# [Work to be completed]
Begin the copy at the line that contains "中央区新富町の通り沿いにあっ", end it at the last line of the entries below, keep every word exact, and include no pictures.

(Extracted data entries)
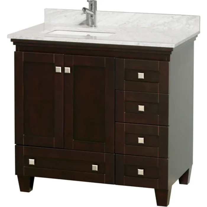 Wyndham Collection WCV800036SESCMUNSMXX 36 In. Single Bathroom Vanity In Espresso, White Carrera Marble Countertop, Undermount Square Sink, And No Mirror
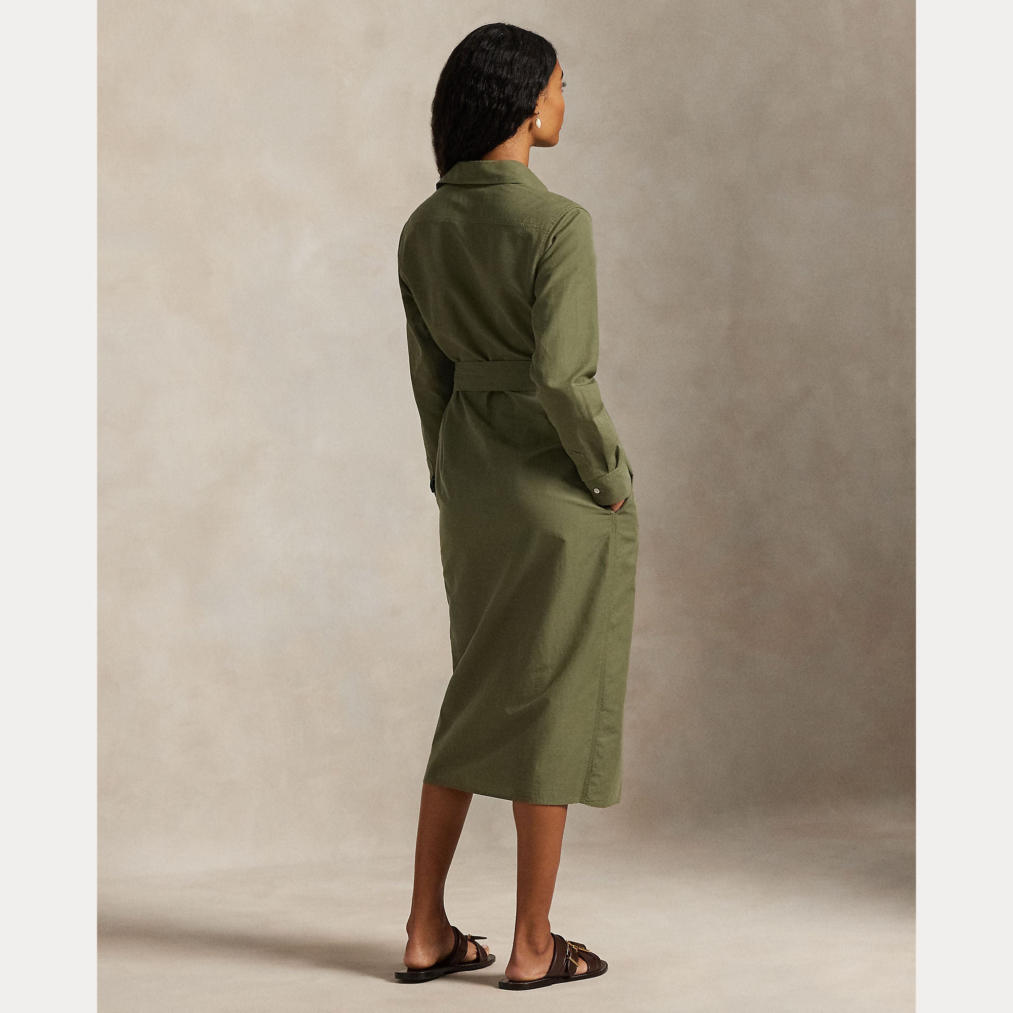Woven with a breathable cotton-and-linen blend, this timeless shirtdress features a straight silhouette with side on-seam pockets, a casual self-belt, and our embroidered Pony at the left chest.
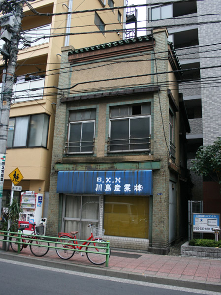 中央区新富町の通り沿いにあった商店建築。看板建築とは少し違い、瓦屋根付の和洋折衷タイプです。
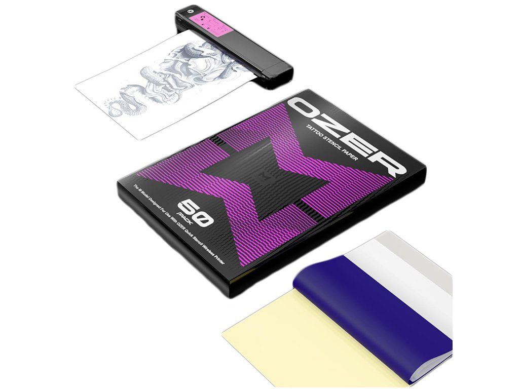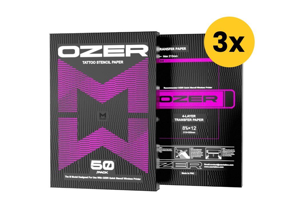 Afmeting: 4-laags transferpapier – Sjabloonpapier voor tatoeages is een vel van 4 lagen, dat een sjabloonvel, beschermpapier, koolstof en achtervel bevat, met een afmeting van ca. 8a 2/5 -x 12, 213x305 mm, dat kan worden gesneden in kleinere vellen voor breder gebruik.
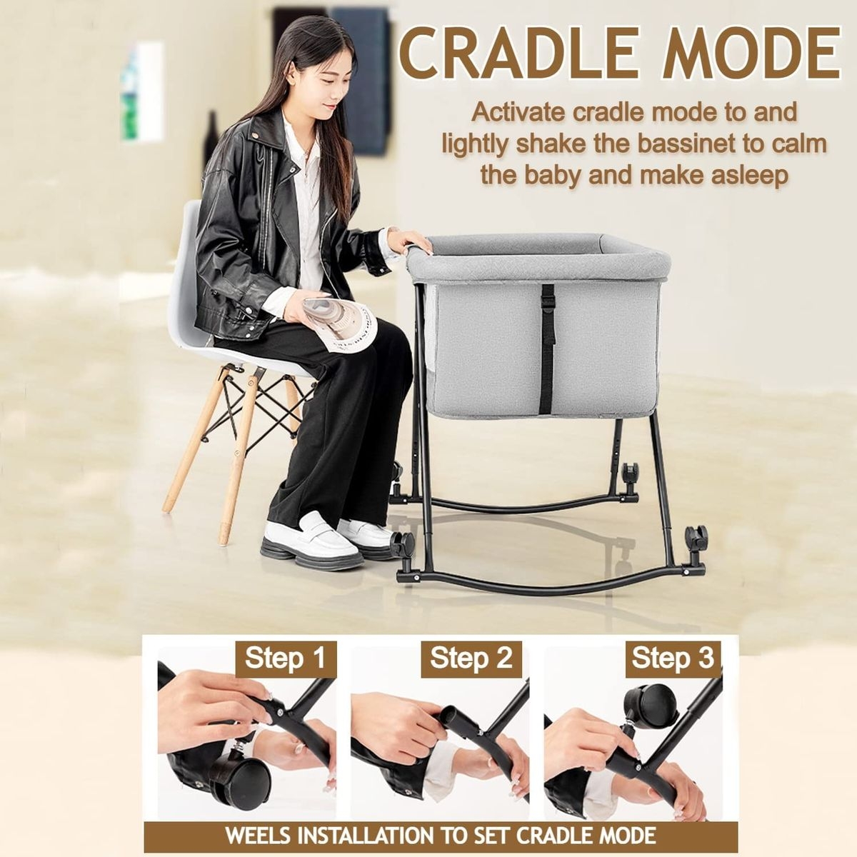 [Removable and washable baby cradles covers] This baby cradles can detach to hand wash or machine wash for long time use. With movable wheels, you can move it room to room, even indoor(living room/bedroom) or outdoor(garden/park).
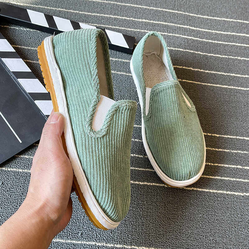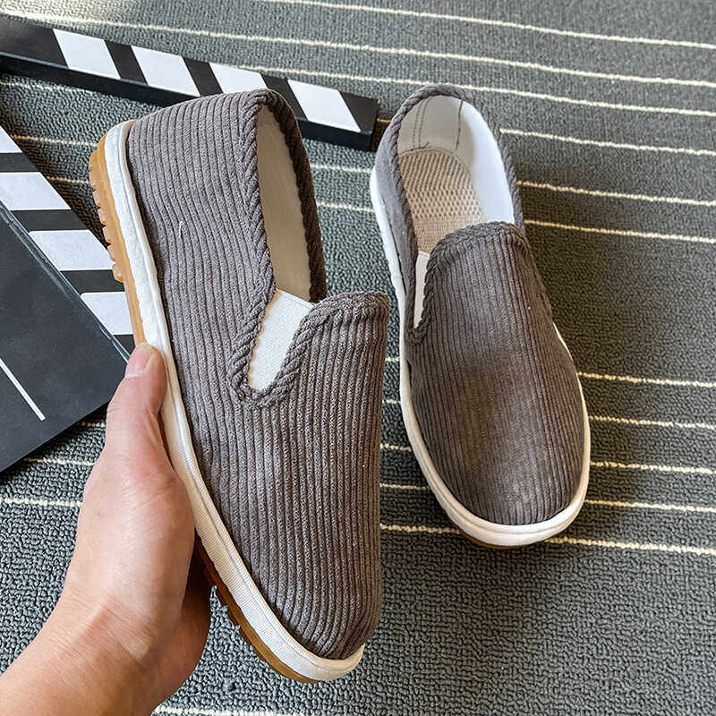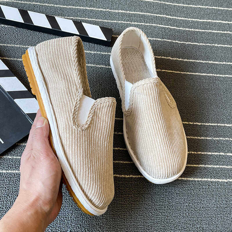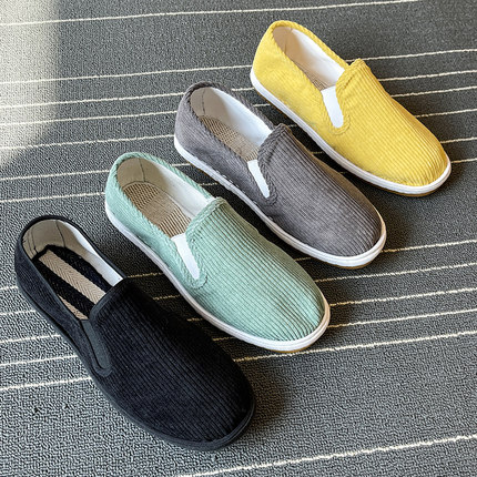 春夏季中国风休闲老北京布鞋男懒人一脚蹬透气平跟灯芯绒低帮韩版

# [Result of this exercise]
 中央区新富町の通り沿いにあった商店建築。看板建築とは少し違い、瓦屋根付の和洋折衷タイプです。
 Afmeting: 4-laags transferpapier – Sjabloonpapier voor tatoeages is een vel van 4 lagen, dat een sjabloonvel, beschermpapier, koolstof en achtervel bevat, met een afmeting van ca. 8a 2/5 -x 12, 213x305 mm, dat kan worden gesneden in kleinere vellen voor breder gebruik.
 [Removable and washable baby cradles covers] This baby cradles can detach to hand wash or machine wash for long time use. With movable wheels, you can move it room to room, even indoor(living room/bedroom) or outdoor(garden/park).
 春夏季中国风休闲老北京布鞋男懒人一脚蹬透气平跟灯芯绒低帮韩版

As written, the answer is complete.